C’est certain que les outils qui existent aujourd’hui nous facilitent les choses et nous permettent aussi d’économiser question budget et question émissions de CO2.
Loïc Prévotat, Responsable Informatique de Greenpeace France
Bonjour Loïc, Greenpeace est connu dans le monde entier, mais pouvez-vous nous faire un rapide portrait-robot ?
Greenpeace est une ONG de protection de l’environnement, présente sur tous les continents, y compris sur l’eau avec une flotte de 3 bateaux. Son siège international se situe à Amsterdam et il existe 28 bureaux nationaux et régionaux, dont un à Paris. Nous sommes environ 70 personnes à travailler aujourd’hui pour Greenpeace France, mais nous accueillons également jusqu’à 50 bénévoles dans nos locaux.
Faire partie d’une ONG internationale, j’imagine que cela demande beaucoup d’échanges, de communication entre les différentes équipes ?
Au siège de Greenpeace International, 150 personnes travaillent essentiellement sur la coordination des actions et travaux des bureaux nationaux et régionaux. Il y a évidemment beaucoup de concertation pour élaborer les campagnes et tous les bureaux travaillent ensuite en collaboration pour assurer une certaine cohérence des messages et des actions.
Forcément, les TIC sont des outils indispensables pour parvenir à cette cohérence ?

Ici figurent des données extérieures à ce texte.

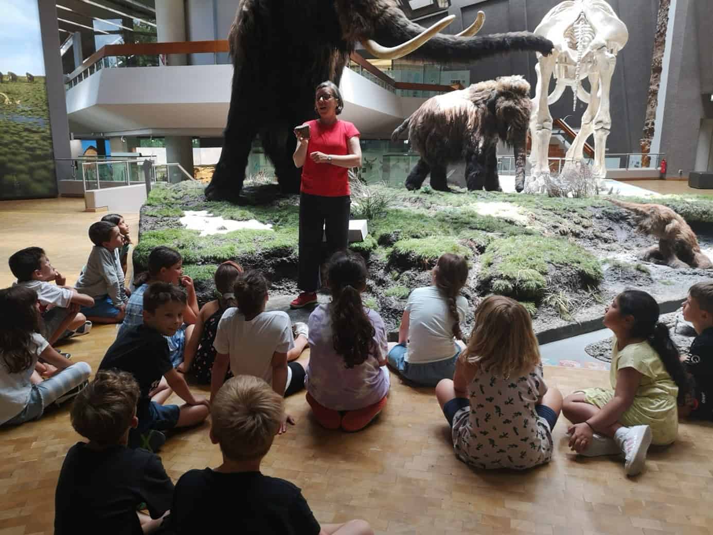 Am Mittwoch, den 12.07.23 hatten die Klassen 3a und 3b einen Ausflug ins Löwentormuseum. Wir liefen runter zur Bushaltestelle und fuhren dann mit dem Bus zur U-Bahn. Anschließend fuhren wir mit der U-Bahn zum Rosensteinpark. Im Rosensteinpark haben wir eine große Wiese gefunden und haben dort gepicknickt und Spiele gespielt. Nach einer Weile gingen wir zum Löwentormuseum. Vor dem Museum machten wir ein Klassenfoto. Endlich durften wir hineingehen. Drinnen empfing uns eine Frau, die sehr nett aussah. Das war sie dann auch. Sie begann sofort mit der Führung. Es ging um die alten Tiere, die es nicht mehr gibt, zum Beispiel: Dinosaurier und Mamuts. Die Führung ging genau eine Stunde. Am Ende kam ein Thema dran, dass ich gar nicht kannte, nämlich „Steinzeitmenschen“. Ich bin froh, dass wir nicht bei den Dinosauriern leben.
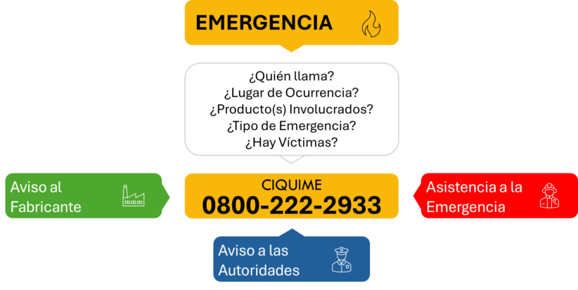 Contamos con un Centro de Comunicaciones de Emergencias (CCE) que funciona las 24 horas los 7 días de la semana, accesible a través del 0800-222-2933 y que es atendido por profesionales químicos que pueden brindar el asesoramiento necesario para la respuesta de emergencia.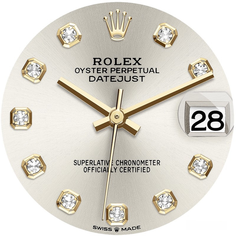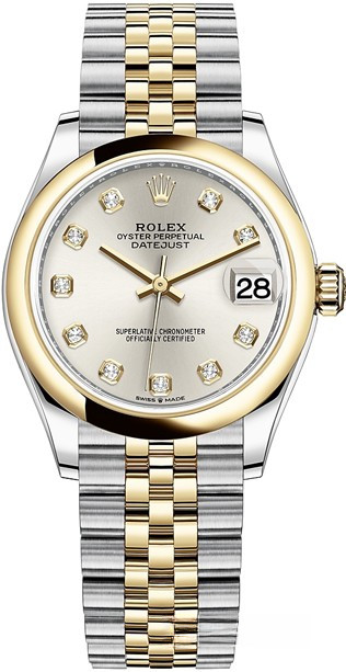 Водостойкие часы Rolex Datejust Datejust 31mm Steel and Yellow Gold выпущены в круглом корпусе из желтого золота 18к и нержавеющей стали. Размер составляет 31 мм, водонепроницаемость 100 м. Внутри корпуса установлен автоматический механизм. На серебристом циферблате с 10-ю белыми бриллиантами отображаются часы, минуты, секунды, дата. Часы комплектуются браслетом из желтого золота 18к и нержавеющей стали.
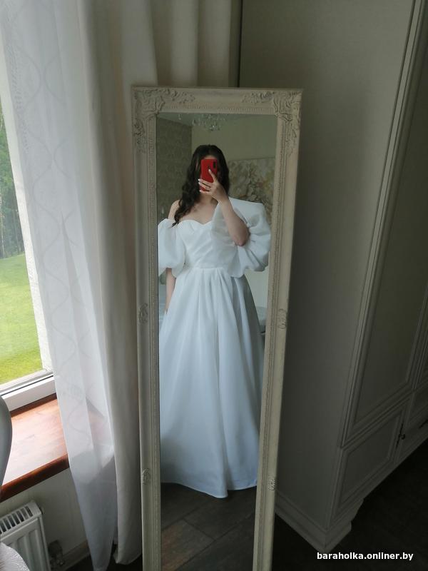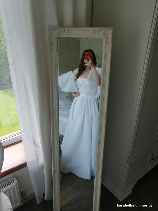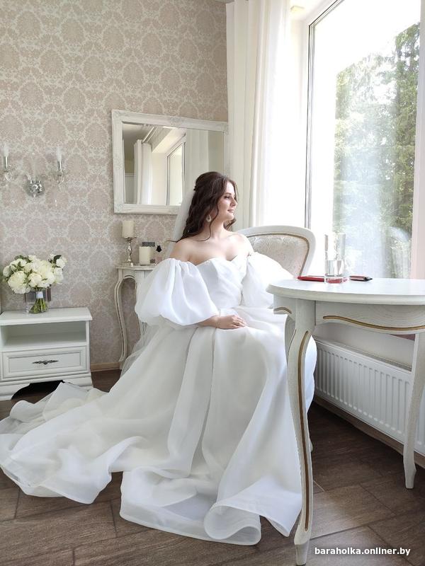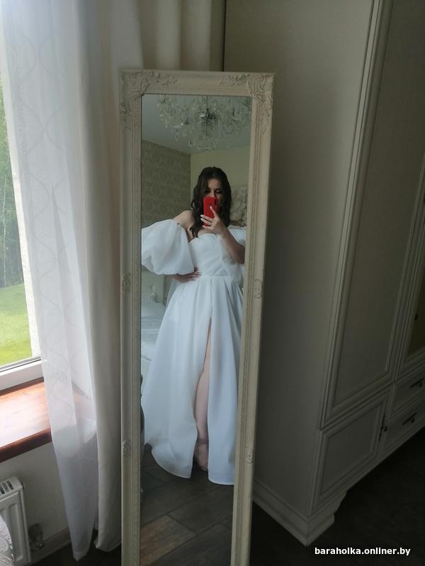 Идеальное платье из органзы (самая красивая, практичная, фотогеничная и актуальная ткань), минималистичное и изящное, с разрезом. На размер 42-44, шлейф комфортной длины, подкалывается, рукава съёмные. Удобный корсет на шнурке, благодаря которому платье не будет сползать. А что самое главное, корсет сядет идеально на любую грудь. В этом платье продумано все для комфорта невесты.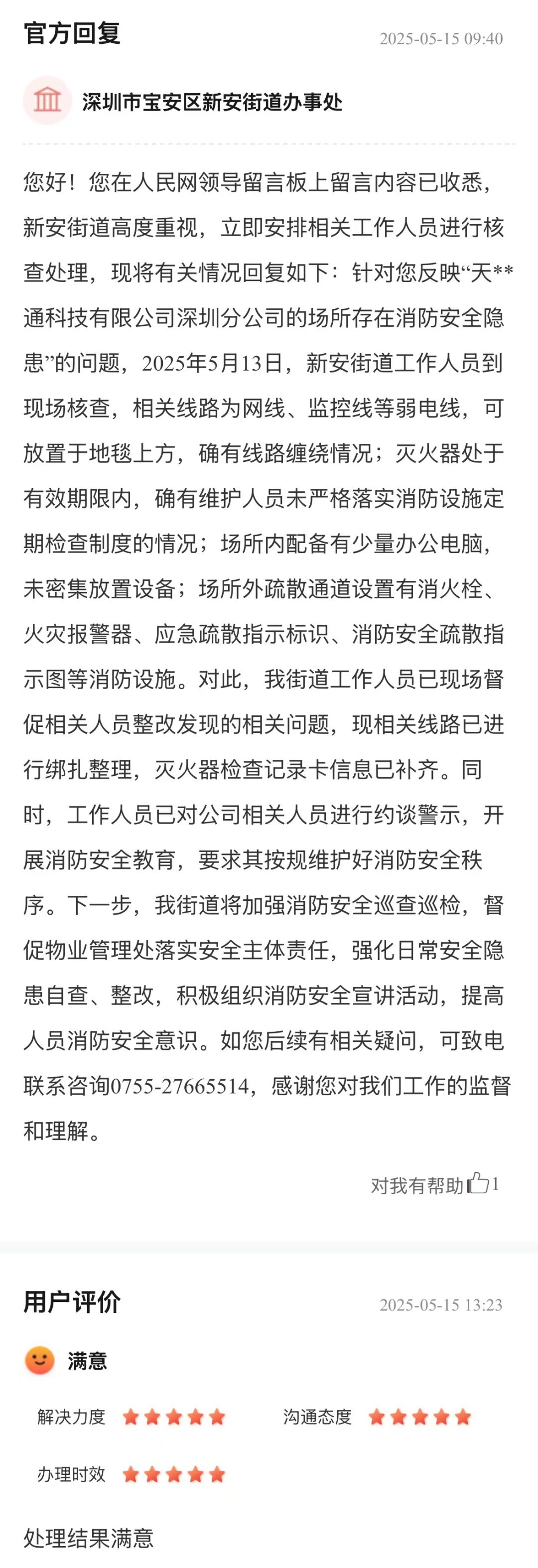 企業(yè)電氣線路混亂、滅火器維護(hù)缺位等消防隱患,直接威脅員工生命財(cái)產(chǎn)安全,更潛藏重大事故風(fēng)險(xiǎn)。街道辦收到市民反饋后,迅速核查并高效解決現(xiàn)存問題,以“即知即改”的行動(dòng)力回應(yīng)群眾關(guān)切。后續(xù)通過約談警示、安全宣教等舉措,從“治已病”轉(zhuǎn)向“防未病”,切實(shí)筑牢區(qū)域消防安全屏障,展現(xiàn)基層對安全隱患的快速治理能力,傳遞出“民生安全無小事”的責(zé)任擔(dān)當(dāng),獲得網(wǎng)民的五星好評。

Greenpeace est né au début des années 70, tandis que le bureau Français ouvrait en 1977, on n’a donc démarré à une époque sans internet ou téléphones mobiles. Ça n’empêchait pas d’avoir des résultats, mais c’est certain que les outils qui existent aujourd’hui nous facilitent les choses et nous permettent aussi d’économiser question budget et question émissions de CO². On continue de se réunir régulièrement sur des questions stratégiques, mais pour tout ce qui concerne les réunions de suivi projets on utilise beaucoup la visioconférence. La cohérence entre les différents bureaux a aussi sa part de contraintes, puisque dès qu’il s’agit de créer un nouvel outil, il faut qu’il puisse être mis en place par l’ensemble du réseau. Ça reste donc une contrainte plutôt saine au final.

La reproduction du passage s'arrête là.